2. The analysis method for investment decision-making of claim 1, wherein the analysis result comprises: detailed information of the graph structure associated with the query request, a risk propagation path of the graph structure associated with the query request, potential correlation of the graph structure associated with the query request, and a future trend of the graph structure associated with the query request.
3. The analysis method for investment decision-making of claim 1, wherein the step of acquiring news data and invoking a custom-trained topic model to extract entities from the news data particularly comprises:
tagging text in the news data in an IOB format using a custom-trained LSTM CRF NER model to identify entities in the text, and aggregating extracted individual entity tags to identify multi-tag entities.
4. The analysis method for investment decision-making of claim 1, wherein after acquiring news data and invoking a custom-trained topic model to extract entities from the news data, the method further comprises: matching the entities with verified finite state machines to create unique identifiers for successfully matched entities.
5. The analysis method for investment decision-making of claim 3, further comprising:
in response to a new entity being identified, acquiring relevant information of the new entity and comparing the relevant information of the new entity with the entity library to generate comparison information; and
in response to determining, according to the comparison information, that the new entity is an entity previously identified with a different name, associating the new entity with the entity previously identified with the different name; or
in response to determining, according to the comparison information, that the new entity has not been identified before, creating a unique identifier to be associated with the new entity.
6. The analysis method for investment decision-making of claim 1, wherein the step of optimizing the graph structure comprises: filtering out noise data, merging similar entities, and eliminating duplicate relationships.
7. The analysis method for investment decision-making of claim 1, wherein the sentiment types comprise positive sentiment, negative sentiment, and neutral sentiment.
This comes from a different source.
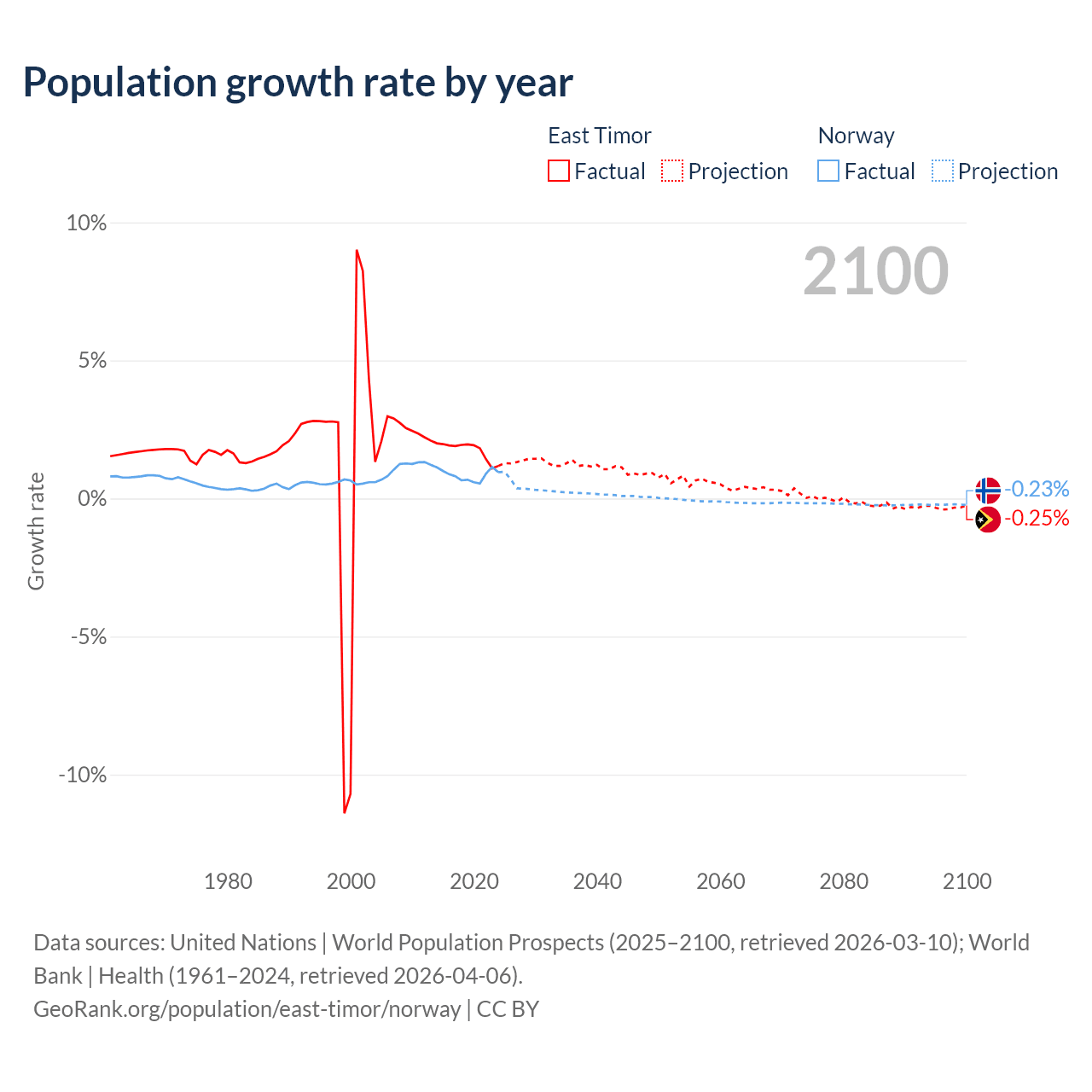 - For the last 10 years, East Timor has had an average growth rate of +1.74% per year vs +0.85% in Norway.

8. An analysis apparatus for investment decision-making, comprising:
an entity extraction module, which is configured to acquire news data, invoke a custom-trained topic model to extract entities from the news data, and create a finite state machine to store entities identified from text and relationships between the entities;
a sentiment analysis module, which is configured to invoke a custom-trained BERT model to classify the sentiment of the text to generate sentiment types;
a graph structure construction module, which is configured to construct a graph structure based on the entities and the relationships between the entities, optimize the graph structure, and store the optimized graph structure in a graph database, wherein the entities are represented as nodes in the graph structure, and the relationships between the entities are represented as edges in the graph structure; and
an analysis module, which is configured to, in response to a query request from a user being detected, invoke the graph structure associated with the query request and the sentiment type in the graph database for analysis, and generate an analysis result.
9. An analysis device for investment decision-making, comprising a memory and a processor, wherein a computer program is stored in the memory, and the computer program is executable by the processor to implement the analysis method for investment decision-making of claim 1.
10. A computer-readable storage medium storing a computer program which is executable by a processor of a device in which the computer-readable storage medium is installed to implement the analysis method for investment decision-making of claim 1.